| Washington's Cascade Crest Section of The PCT | Or Read The Book From The Beginning | Table of Contents |

What I know from a lifetime of travel is— not only is the world shrinking in size, it seems to be spinning ever faster. Seconds of a lifetime rapidly disappear to the point that Andy Warhol’s “15-minutes of fame” per person have shrunk to a “one-minute movie” briefly describing how one group of people, as the Chinook, were overtaken by the English , and then Americans. Today the name describes a salmon, and a wind.

      I am not being melodramatic in stating I am too am an endangered “frontier person.” I am one of the last of the horse packers who used to wander the West.

      I was fortunate enough in my childhood to experience the wilds of Southwest Washington long before “my home” was declared an official Wilderness Area.

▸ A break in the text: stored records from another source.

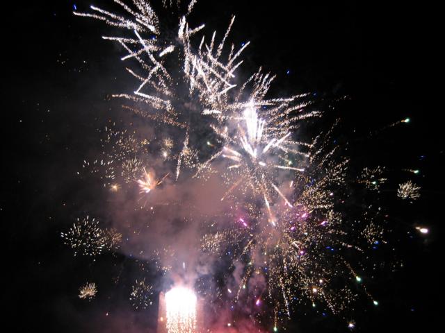Die Parade konnte am Samstagnachmittag trocken von den Teilnehmern vollzogen werden. Am Abend kam dann der Höhepunkt, ein Musikfeuerwerk, welches wieder anders war und das vom letzten Jahr an Kreativität übertraf. Ein Gitarrist spielte unterhalb der Brömserburg im Weinberg, live zu Beginn in Jimmy Hendrix Manier die Deutsche und die Amerikanische Nationalhymne sowie das Lied…warum ist es am Rhein so schön…als Eröffnung, bevor mit dem Lied der Toten Hosen ..An Tagen wie diesen … und Musik von Meat Loaf das ca. zwanzigminütige Feuerwerk vom Burgfried der Brömser Burg einsetzte. Hierzu kann man nur noch Anmerken „Gigantisch“. Das es den Feuerwerkern trotz enormer Anstrengungen (siehe Bilder) wie jedes Jahr nicht gelungen ist, den Burgfried zu sprengen ist lediglich von statistischer Bedeutung und findet damit seine Hinfortführung der „vergeblichen Versuche“ der letzten 11 Jahre.
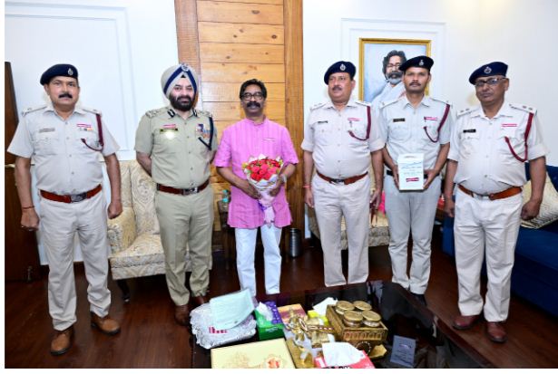 रांची: मुख्यमंत्री हेमन्त सोरेन से आज कांके रोड स्थित मुख्यमंत्री आवासीय कार्यालय में पुलिस महानिदेशक गृह रक्षा वाहिनी एवं अग्निशमन सेवा श्री एम. एस. भाटिया ने शिष्टाचार भेंट की. 'अग्निशमन सेवा सप्ताह'के अवसर पर सीएम को बैज लगाया. इस अवसर पर मुख्यमंत्री ने अग्निशमन सेवा सप्ताह की शुभकामनाएं दीं. मुख्यमंत्री ने अग्निशमन विभाग के कार्यों की सराहना की.
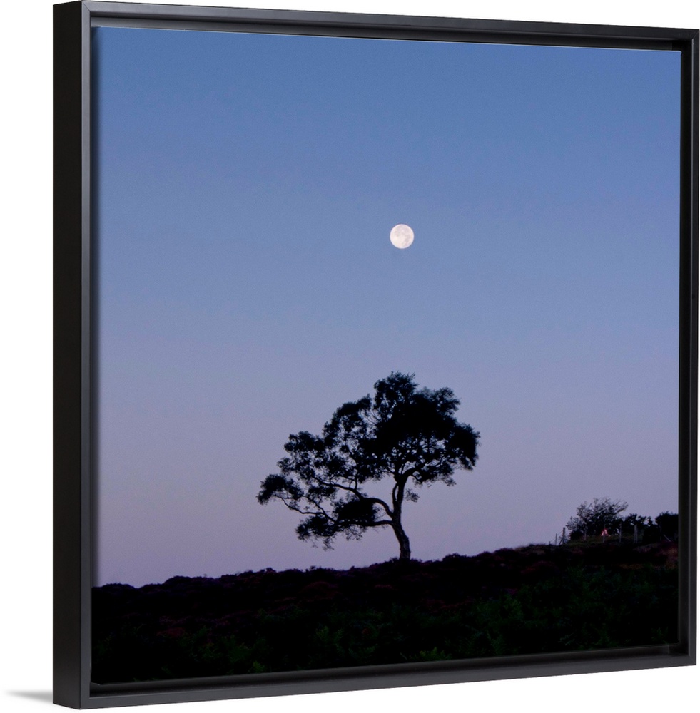 <p>A lone tree with a full moon rising with a deep purple blue pink dusk cloudless sky.</p>
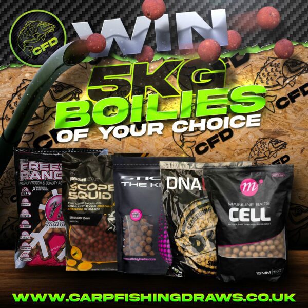 The live draw will take place on the Carp Fishing Draws Facebook page using Google’s random number generator to select the winning ticket number from all Entrants.
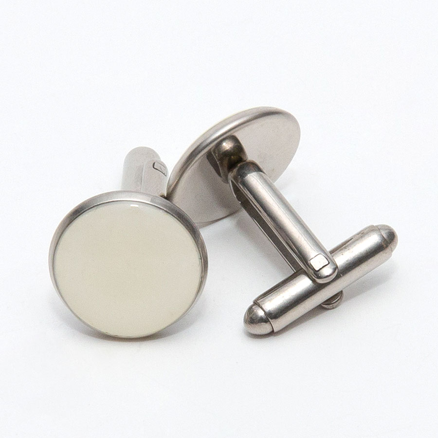 The cuff links are stainless steel. The center is made from your flowers and is finished with a domed glaze.

I too loved backpacking into the the chain of lakes beyond Mount Margaret, as Meta, destroyed May 18th, 1980 by the eruption of Mt. St. Helens. I too supported “saving” the race track from logging in what is now called the Indian Heaven Wilderness.

      An “Oragun” resident of before, as Native Americans who raced “the track” while taking a break from gathering huckleberries, I guess I too have to accept that the “Great White Father” in the other Washington has the PAC support of so-called conservationists that live in big houses, in big cities, and travel in big cars, and pay big salaries to support the growth industry of environmental lawyers— may be right. My day of setting tall on Charlie Horse, topping a ridge, gazing down Creation, is really over.

      There is a group of supposedly backpacker conservationists in California currently suing the U.S. Forest Service to keep all horses out of official Wilderness Areas. I had a contact once to write a brochure for the USFS, where I used the phrase, “saved to be shared with a grandchild,” but thanks to a series of regulations that don’t make much sense to me, the expedition excerpted here in following pages will be the first, and probably the last horse trek through the mountains of the Far West, covering 2,500 miles from Mexico to Canada searching for a Shadow of the Past.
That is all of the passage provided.